Harriet Harman launched a campaign to run for Speaker of the House of Commons this week, saying she could help “mend the relationship between people and Parliament” after three years of Brexit wrangling.
The Camberwell and Peckham MP, who is the longest serving female MP, threw her hat into the ring on Tuesday morning, shortly after John Bercow’s resignation during parliament’s last sitting on Monday. If convention is followed, the next Speaker would be a Labour member.
Harman told the News: “I’m putting myself forward because it is such a difficult time for parliament. When we are divided, parliament has never been more important. I want to help mend the relationship between the people and parliament.”
In an email to her constituency party members sent on Tuesday morning, Harman attempted to assuage concerns the role would impact on her ability to serve her constituents.

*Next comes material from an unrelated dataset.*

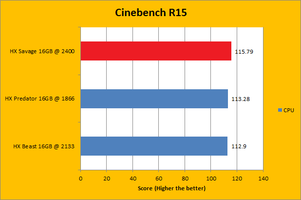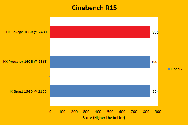 Cinebench R15 is separated into two tests: One tests the CPU image rendering performance, while the other benchmarks the OpenGL video rendering performance. Obviously, having a fast processor and a powerful video card, respectively, will play a much more significant role in determining these scores, but that does not mean RAM does not do anything at all to contribute to these results. As you can see in our charts above, the Kingston HyperX Savage HX324C11SRK2/16 2x8GB did very well in both tests; winning the CPU and OpenGL benchmark. That said, it is important to point out all of the tested kits came out extremely close to each other, despite frequency variance of approximately 534MHz between the fastest and slowest.

Since holding onto her seat in 2017, Harman says she and her team have helped more than 10,000 people, including those with housing, benefits and immigration problems.
Speaking to the News she was firm that case work, supporting the community, and helping bereaved families are “not at all incompatible” with being Speaker, and the job would never take her away from those responsibilities.
Furthermore, she said she had the support of many of her constituents who value Britain’s democratic tradition, including those who have lived in unstable or undemocratic regimes.
“People recognise that Parliament is the foundation stone of our democracy,” she told the News.
“There are many people who have come to make their home in Camberwell and Peckham from around the world and they know how important a position our Parliament has in the world stage, as the mother of all Parliaments.”
Although Harman had been mooted as a possible leader of a National Unity Government, she has rubbished claims she had been in talks with Liberal Democrat leader Jo Swinson to put herself forward over Jeremy Corbyn.
As Speaker, she would be unable to debate and, through paired voting, remain neutral. She would also have to step down as chair of the Human Rights Committee.
But as the second woman speaker in Parliament’s 600-year history she could put her own stamp on proceedings: “Parliament has changed, we have over 200 women members. A woman in the chair would show that Parliament is very different from the old boys’ club it used to be,” she said.
“There is a lot of strife and there is a lot of anger. People will have their disagreements and their arguments, but they need to stop short of threats, violence and thuggery.”
But first she will have to win the vote and beat her rivals – including deputy speaker Lindsay Hoyle – and avoid any threat of deselection come November, when her constituency party members will vote on whether or not she should automatically remain as a Labour candidate for her seat – or face open selection.